[Start of section]

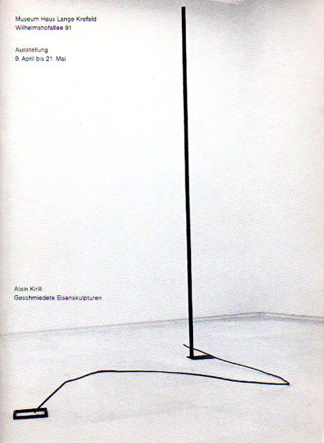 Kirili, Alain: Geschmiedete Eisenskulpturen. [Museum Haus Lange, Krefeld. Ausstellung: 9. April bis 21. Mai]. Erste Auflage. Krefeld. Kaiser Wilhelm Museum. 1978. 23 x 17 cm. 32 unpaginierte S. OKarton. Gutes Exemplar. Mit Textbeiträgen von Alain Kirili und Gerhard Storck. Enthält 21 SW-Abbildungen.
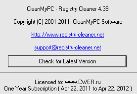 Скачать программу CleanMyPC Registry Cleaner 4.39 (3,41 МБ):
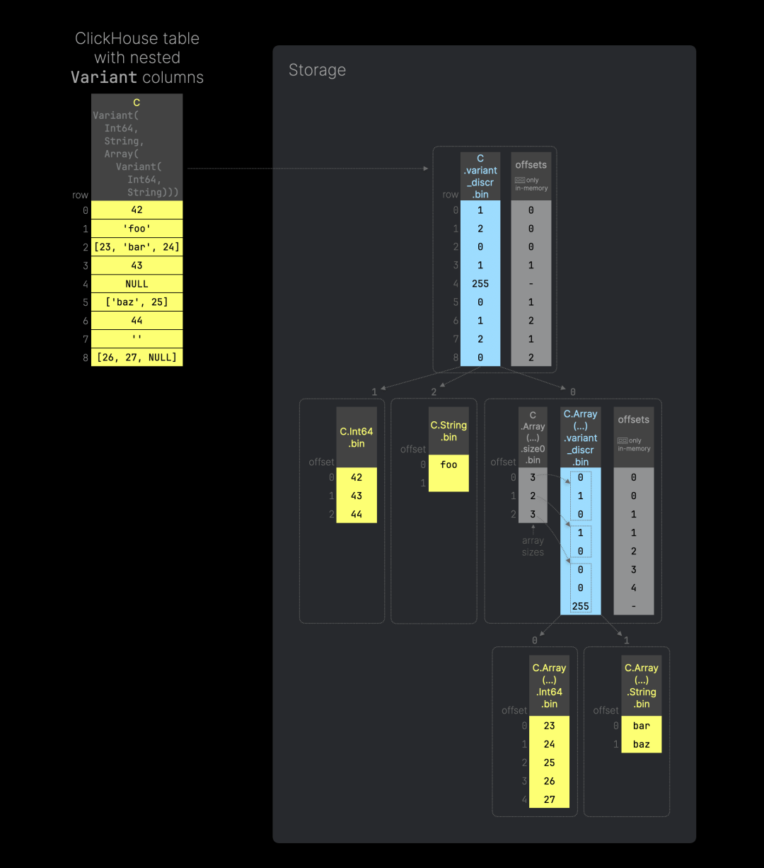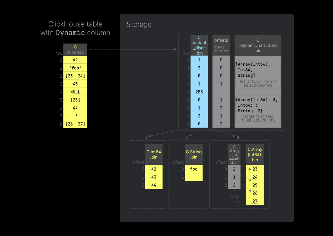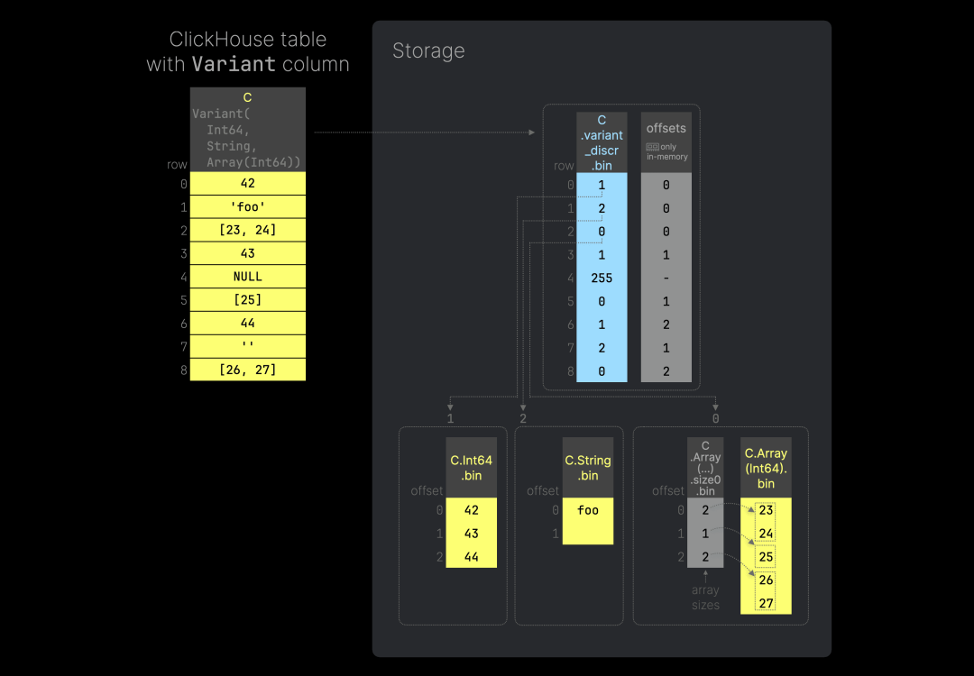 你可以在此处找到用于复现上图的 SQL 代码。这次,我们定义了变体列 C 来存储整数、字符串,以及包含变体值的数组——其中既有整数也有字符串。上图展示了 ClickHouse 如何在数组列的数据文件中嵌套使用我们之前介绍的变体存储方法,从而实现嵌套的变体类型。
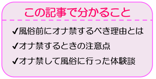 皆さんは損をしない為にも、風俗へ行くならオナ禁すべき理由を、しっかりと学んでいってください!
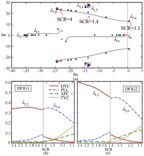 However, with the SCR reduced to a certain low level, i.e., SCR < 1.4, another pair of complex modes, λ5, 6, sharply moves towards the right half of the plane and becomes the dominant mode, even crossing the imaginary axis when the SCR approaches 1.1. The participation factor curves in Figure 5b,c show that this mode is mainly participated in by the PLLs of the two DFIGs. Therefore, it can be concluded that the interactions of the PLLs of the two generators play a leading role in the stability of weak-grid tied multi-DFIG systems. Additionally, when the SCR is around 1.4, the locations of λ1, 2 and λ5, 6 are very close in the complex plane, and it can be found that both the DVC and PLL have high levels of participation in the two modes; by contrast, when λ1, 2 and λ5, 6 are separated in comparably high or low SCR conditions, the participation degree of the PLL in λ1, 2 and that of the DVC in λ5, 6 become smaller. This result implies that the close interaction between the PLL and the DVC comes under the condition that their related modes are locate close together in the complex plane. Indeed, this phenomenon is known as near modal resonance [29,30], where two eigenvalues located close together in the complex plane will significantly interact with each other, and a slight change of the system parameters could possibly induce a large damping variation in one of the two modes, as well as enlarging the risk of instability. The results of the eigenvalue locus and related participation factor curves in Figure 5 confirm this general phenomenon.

[End of section]
[Start of section]

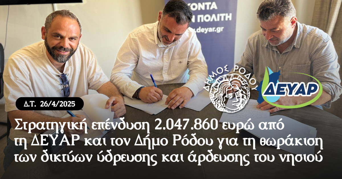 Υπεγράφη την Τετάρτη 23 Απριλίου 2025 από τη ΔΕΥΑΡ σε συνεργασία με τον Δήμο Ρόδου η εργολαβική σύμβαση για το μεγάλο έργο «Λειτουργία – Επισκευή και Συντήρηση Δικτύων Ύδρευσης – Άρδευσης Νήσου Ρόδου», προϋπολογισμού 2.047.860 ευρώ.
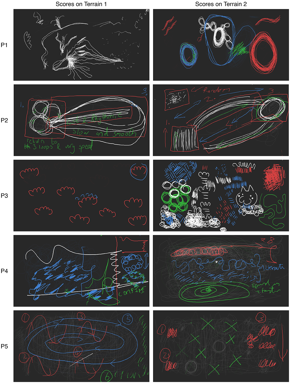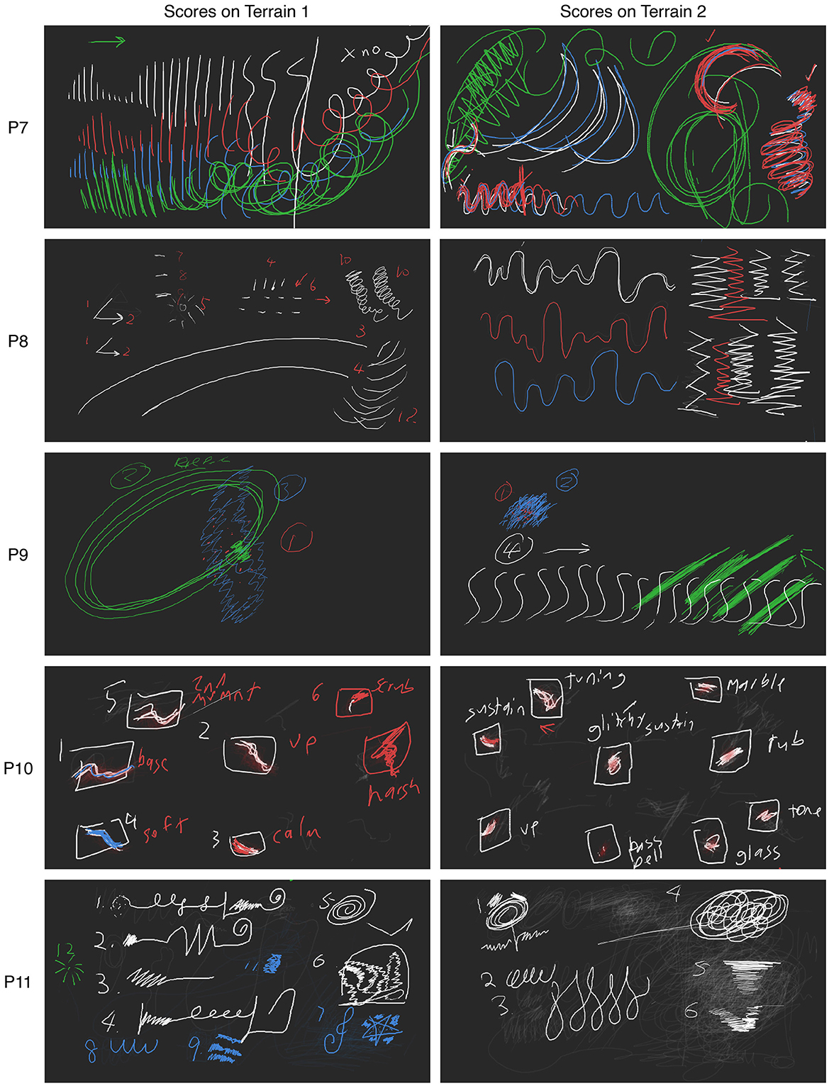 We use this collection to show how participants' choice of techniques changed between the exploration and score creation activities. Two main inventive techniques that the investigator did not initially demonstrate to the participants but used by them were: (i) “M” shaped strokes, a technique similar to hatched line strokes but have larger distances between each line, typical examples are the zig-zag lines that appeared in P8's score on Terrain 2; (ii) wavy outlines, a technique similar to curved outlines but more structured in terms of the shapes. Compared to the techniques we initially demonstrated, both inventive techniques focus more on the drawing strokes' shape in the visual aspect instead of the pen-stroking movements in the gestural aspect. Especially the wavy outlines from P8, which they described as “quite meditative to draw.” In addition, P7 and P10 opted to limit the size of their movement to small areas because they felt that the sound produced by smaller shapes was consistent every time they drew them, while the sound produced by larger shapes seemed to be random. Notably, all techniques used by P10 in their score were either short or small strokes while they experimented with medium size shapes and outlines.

[End of section]

In the listing above, find the line with "你可以在此处找到用于复现上图的 SQL 代码。这次,我们定义了变体列" and the line with "皆さんは損をしない為にも、風". Set down exactly those lines and everything between them, skipping pictures.

FINISHED TASK -
 你可以在此处找到用于复现上图的 SQL 代码。这次,我们定义了变体列 C 来存储整数、字符串,以及包含变体值的数组——其中既有整数也有字符串。上图展示了 ClickHouse 如何在数组列的数据文件中嵌套使用我们之前介绍的变体存储方法,从而实现嵌套的变体类型。
 皆さんは損をしない為にも、風俗へ行くならオナ禁すべき理由を、しっかりと学んでいってください!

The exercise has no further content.